Дверь, — ведущая в приемную, где раньше помещалась умывальная для девиц и до сих пор стояли умывальники, — приоткрылась, вошел человек, с темными стоячими волосами, и молча сел около Ленина. Руки он стиснул на коленях — тоже, должно быть, прозяб под широкой черной блузой. Нижние веки его блестевших глаз были приподняты, как у того, кто вглядывается в даль. Тень от усов падала на рот.

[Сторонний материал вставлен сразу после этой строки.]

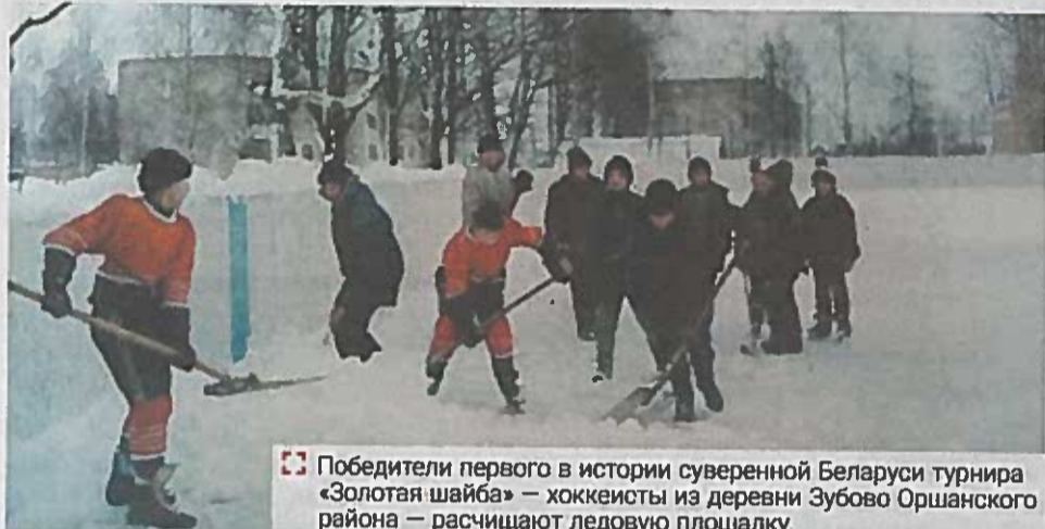
Победители первого в истории суверенной Беларуси турнира «Золотая шайба» — хоккеисты из деревни Зубово Оршанского района — расчищают ледовую площадку.
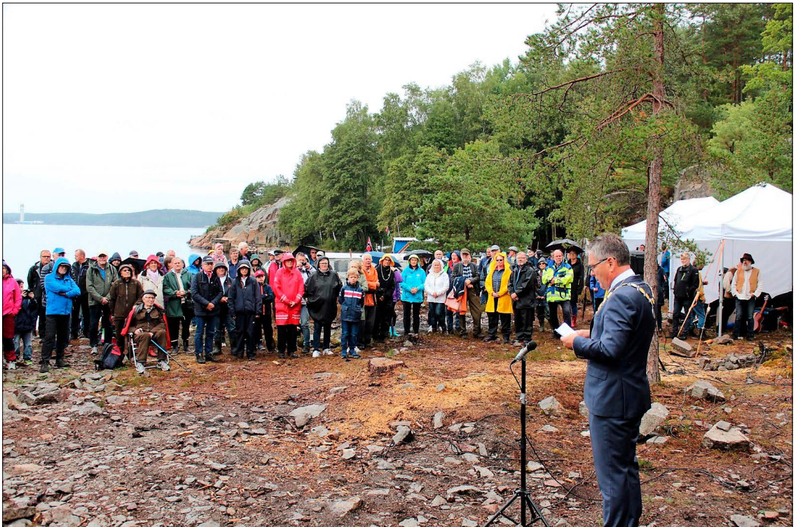
Det var folksomt på åpningen av «Monolittblokka».

Kanskje dette kan være til inspirasjon for andre historielag eller skoleklasser? Mange har noe spennende i sitt nærmiljø som kan være i ferd med å slukes av tidens tann eller av naturen. Finn et passende sted, og jeg vil garantere dere en spennende og meningsfylt oppgave!
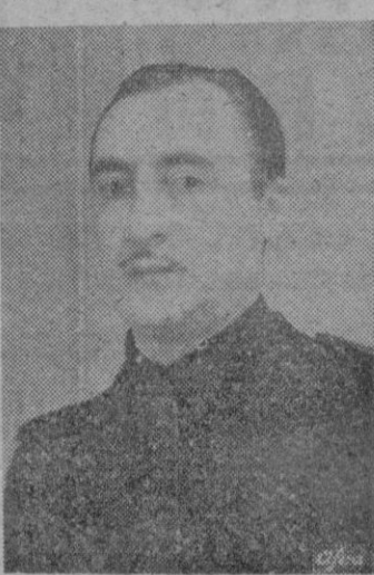
MIGUEL PRIMO DE RIVERA

HABLA EL MINISTRO DE AGRICULTURA A continuación pronuncia un discurso el Ministro de Agricultura. Comenzó expresando su agrade-
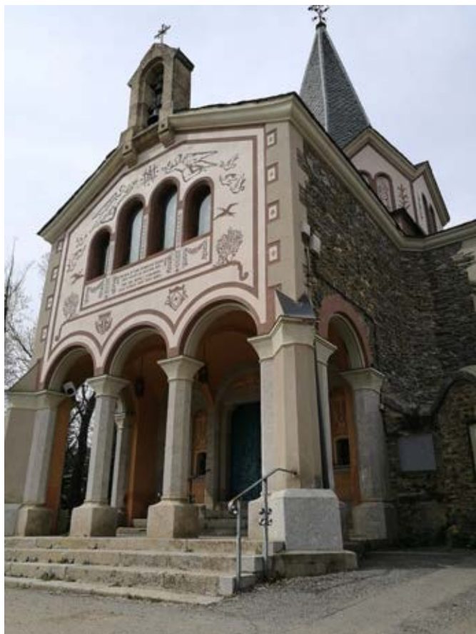
Santuari de la Mare de Déu del Remei.

per treure's l'espina, va encarregar a Calixte Freixa la construcció d'un altre castell al seu destí d'estiueig, al municipi d'Alp. Aquesta juguesca perduda fou l'origen de l'actual Torre del Riu, construïda a partir de 1896 segons el seu particular estil neogòtic que incorporà al paisatge cerdà un castell grandios, emmerletat i farcit de torrasses de coberta cònica, com mai no s'havia vist en tota la terra de Cerdanya.
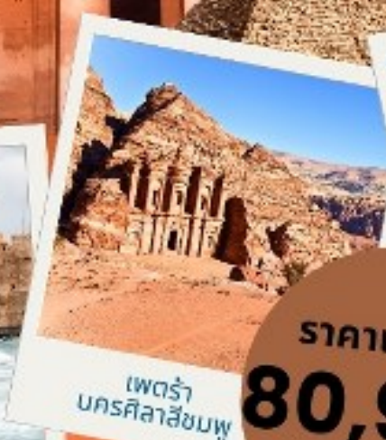
เพตรา นครศิลาสีชมพู
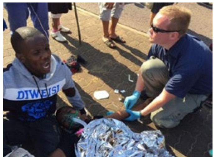
'n Man is in die maag geskiet. Sy toestand is ernstig.
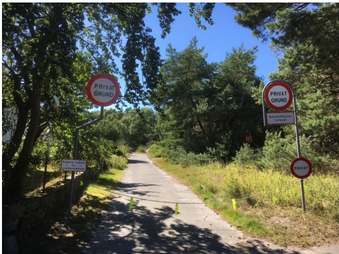
Den ulovlige skiltning ved Fyrvejen

Desværre er spærringen af den gamle adgangsvej ved Dueodde Fyr stadig aktuel. Den er kun eskaleret, efter at ejeren fik påbud om at fjerne de ulovlige skilte. Vejen blev efterfølgende fysisk spærret. Hele sagen varetages nu af kommunen som tilsynsmyndighed, og overtrædelserne er meldt til politiet. Vi håber meget på, at sagen fører til en genåbning af adgangen ad den gamle vej. Det vil være rigtig skidt for adgangen i det åbne land, hvis en ejer, der blæser på regler og tradition, kan få held til at blokere denne adgang uden konsekvenser.
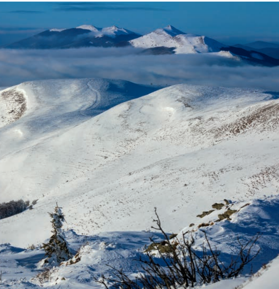
Szeroki Wierch i Poloniny zimą – widok z Tarnicy Szeroki Wierch and the Poloninas in winter – view from Tarnica
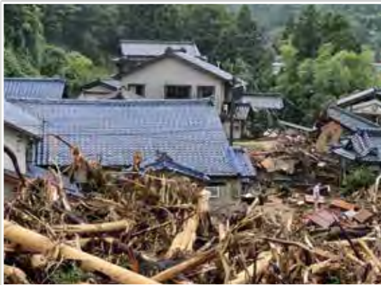
新潟県村上市（豪雨：8月4日（木））

— Точка зрения Троцкого: войну не продолжать и мира не заключать — ни мира, ни войны, — негромко, глуховато проговорил Владимир Ильич, — ни мира, ни войны! Этакая интернациональная политическая демонстрация! А немцы в это время вгрызутся нам в горло. Потому что мы для защиты еще не вооружены… Демонстрация — не плохая вещь, но надо знать, чем ты жертвуешь ради демонстрации… — Он карандашом постучал по исписанным листочкам. — Жертвуешь революцией. А на свете сейчас ничего нет важнее нашей революции…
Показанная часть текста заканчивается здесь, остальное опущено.